Since Wednesday last week, when 50 Chechen commandoes stormed into a Moscow
theater to capture some 800 hostages, the number of complaints of harassment
from Russia's 500,000-strong Chechen community have soared.
"We've received lots of phone calls, letters and telegrams about abuse
from all over Russia," said Aslakhanov, adding that he called on the
government to put an end to "the police's hysterical behavior which sparks
ethnic hatred."
Policemen who served in Russia's so-called anti-terrorist campaign in
Chechnya were the worst, he added.
Racist attacks on Chechens were also feared, and police Wednesday reported an
attack on a Chechen-owned shop in a Moscow suburb.

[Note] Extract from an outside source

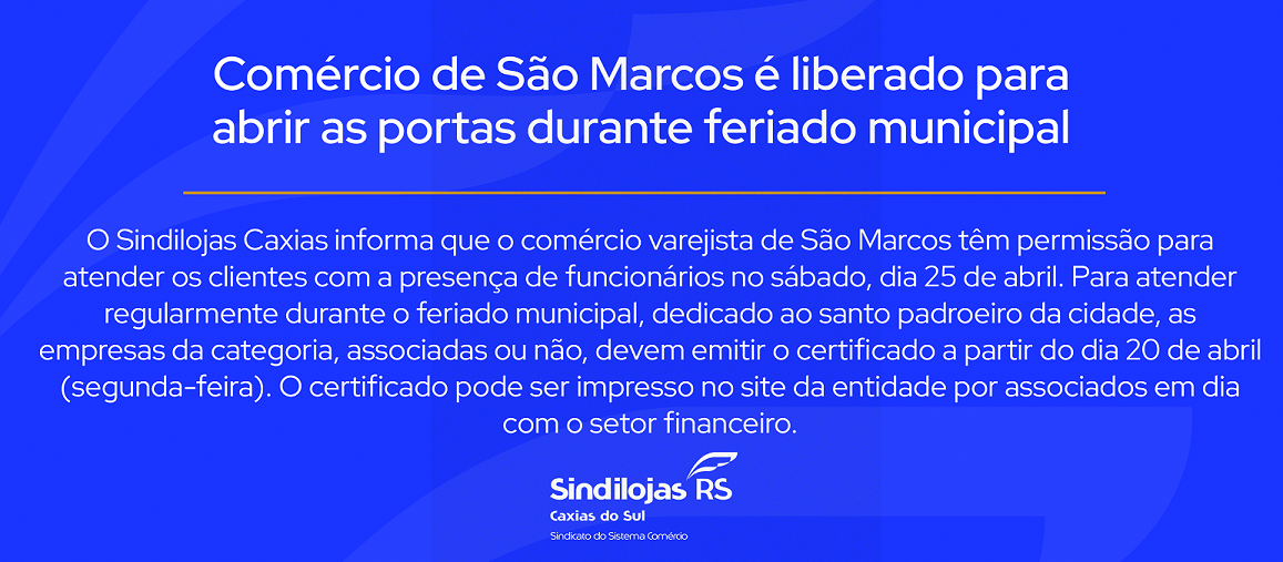 O Sindilojas Caxias informa que o comércio varejista de São Marcos têm permissão para atender os clientes com a presença de funcionários no sábado, dia 25 de abril. Para atender regularmente durante o feriado municipal, dedicado ao santo padroeiro da cidade, as empresas da categoria, associadas ou não, devem emitir o certificado a partir do dia 20 de abril (segunda-feira). O certificado pode ser impresso no site da entidade por associados em dia com o setor financeiro.

Part of the shop was set on fire early Tuesday and an anti-Chechen slogan
daubed in red paint on the wall, Interfax quoted police as saying.
Russian authorities meanwhile banned a protest rally by an anti-war group
scheduled for Thursday.
It was the first time in three years of activity that the group had been
barred from staging its protest, Moscow Echo radio said.
President Vladimir Putin's appeal to the nation, in which he warned against
anti-Chechen sentiment, appeared to have done little to improve the lot of
ordinary Chechens such as 20-year-old student Karina Izbakhiyeva who has been
part of Moscow's 100,000-strong Chechen population since 1999.
"Five men in civilian clothes called on us Friday. They took our
passports and told us to come to the police station," Izbakhieva, who lives
together with her mother and sisters, told AFP.
"They asked where I have been on Wednesday (when the hostage-taking
occured), what I have done and who were my friends," she recounted.
"In the police station, they took our fingerprints and photographed us
for the cases they opened on each of us," said the young student, whose
father serves as a policeman in Chechnya.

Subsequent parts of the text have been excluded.